7. Tag for Exploration (especially your most popular photos). Why has this photo of mine been viewed over 27,000 times on Flickr? Well in part because it shows up on the first page search results on Flickr for the search term guitar. And why does it show up in searches for the word "guitar?" Because I’ve got the photo *tagged* guitar. By tagging your photos appropriately you can ensure that more people will see them in search. Think of other ways that you can tag your photos. Are all of your photos taken in San Francisco also tagged "California?" They should be. Are all of your photos tagged "self portrait" also tagged with your name? Again, they should be.

The better you keyword and tag your photos, the more likely they will show up in searches that take place on Flickr. Even if you think that your photos will never be popular enough to rank highly in search, remember that there are other ways that Flickr users can filter search. You can search just by your contacts photos on Flickr for instance. So even if you don’t have the most popular sunset photo amongst millions on Flickr, you might have the most popular sunset photo amongst your contacts because you tagged it.

A note that I’ve seen some people on Flickr abuse tags. They will tag every photo with girl, sunset, cat, etc. Even if these things are not in their photo simply to try and trick people into getting to their photos through search. This sucks. I’m not sure what/if/how Flickr penalizes people who do this, but it’s a crappy thing to do and ruins the search experience for everyone. Tag early and often, but only tag your photos with tags that truly are accurate and descriptive.

8. Geotag. One of the more interesting ways to find photos on Flickr is through exploring photos that are geotagged on a map. When I’m going to a new place that I’m not familiar with, frequently Flickr’s "Explore the World Map," is one of my first destinations. But of course your photos will not show up here if they are not geotagged. The best way to geotag your photos is actually at the file level before you upload them. I use Geotagger on the Mac which allows you to use Google Earth to geotag your photos. You can also download the free software program from Microsoft Pro Photo Tools to geotag photos on a PC.

Check what Flickr considers your most popular photos and make sure that you geotag (and more descriptively tag) these photos especially — even if you have to geotag these shots on Flickr using their tools. Geotagging has been documented by Flickr staff as increasing the Flickr "interestingness" rating of a photograph.

9. Consider creating a few "best of" sets and feature them prominently on your Flickrstream. Frequently when people first discover your photostream they don’t have time to check out your entire stream. But if you make it easier for them and create a few sets that highlight some of your best work they may stick around longer. I’ve created two such sets myself. My 10 faves or more set and my 25 faves or more set. These sets highlight what are some of my best work according to the Flickr community and are my two most visited sets on Flickr. As my photos are faved 10 or 25 times I add the tag fav10 or fav25 to these sets and then use SmartSetr to automatically generate these sets.
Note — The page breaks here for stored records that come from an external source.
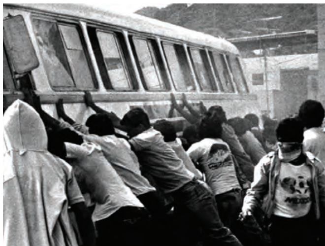
IMAGEN 2. "Quema de autobuses", 1989.

Como texto introductorio a la exposición de 1971, iniciaba también una forma de hacer arte en función de las prácticas urbanas, pero al mismo tiempo, era el resultado de una serie de observaciones que van más allá del orden estético, pues se planteaba interrogantes que abordaban de plano problemáticas, temores, angustias e incluso la muerte como tópicos estructurales de una población anónima, signada por el abandono de sus verdaderas necesidades. Se trata de la precisión de una especie de fractura irreversible, de algo que ya se podía corroborar con datos altamente sustentables, demostrando claramente su agotamiento en marras. 21 Tan importante panorama de desajustes sociales en medio de una boyante economía que se traducía en epítetos como la Gran Venezuela, o la Venezuela Saudí, exponía una imagen que no podía escapar de los radares del arte, mismo que establecía conexiones de orden plástico con la intención de ilustrar de la manera más descarnada posible tan inocultable panorama, usando una metáfora de la otredad, el inmenso colectivo anónimo que se reflejaba en esta práctica
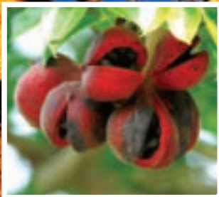
枝上成熟果實已裂開
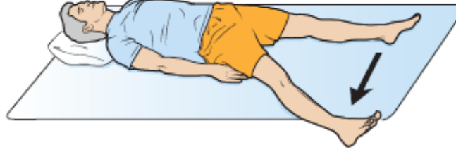
图 5. 外展肌强化练习
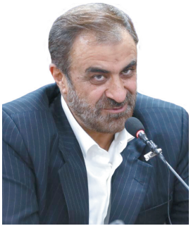
استاد چهارمحل و بختیاری: ۲ هزار و ۵۰۰ میلیارد ریال در سفر رئیس جمهور به چهارمحل و بختیاری برای امور فرهنگی مصوب شد
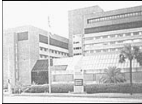
Fig. 15 a). Frente del Hospital Shands en la ciudad de Gainesville en el Estado de Florida (EUA).

su techo “muchos llegan a graduarse en Master” resaltó la enfermera para hacer hincapié en la formación profesional.
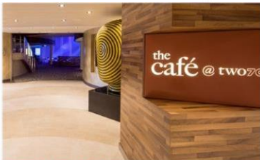
270 度咖啡廳：供應早午餐，品嚐多款熱三文治、自選沙律及自家製濃湯
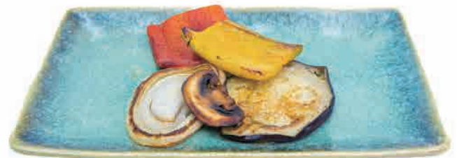
S14.VERDURE MISTE TEPPANYAKI € 6.00

branzino alla piastra con salsa grilled sea bass with sauce gegrillter wolfsbarsch mit sauce
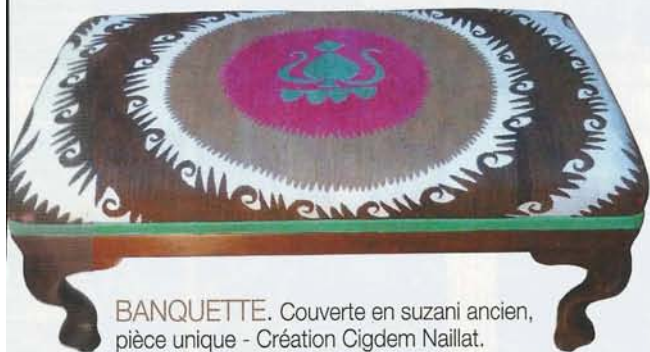
BANQUETTE. Couverte en suzani ancien, pièce unique - Création Cigdem Naillat. Dims : 40 x 60 cm. 900 € (Maison Ottomane).

Côté déco, le bois patiné et les matières nobles rappellent toute la chaleur des anciennes maisons de campagne. Laissez-vous séduire par le charme de l'Italie.
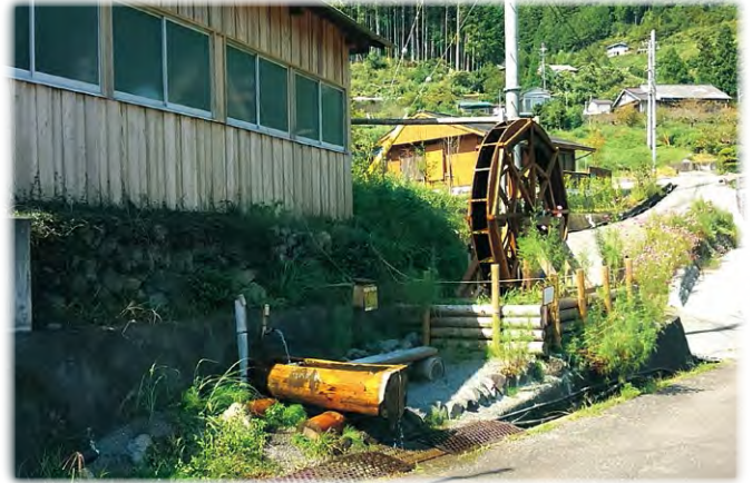
小水力発電水車(十津川村谷瀬)

Make sure also that you change your Flickr page layout from the boring default one to one that highlights your collections and sets better.

10. Tell everyone you know about your Flickrstream. Are you active on other social networks? Is a link to your Flickrstream prominently displayed on your blog? On your Facebook profile page? Be sure to include a link to your Flickrstream in every profile that you are on with other sites. Consider buying Moo cards (even though Moo.com has been lousy for me lately and won’t let me buy anymore cards from them) which highlight your photostream that you can give out to people that you run across while out shooting. Tell your friends and family and your offline "real life" contacts about your Flickrstream.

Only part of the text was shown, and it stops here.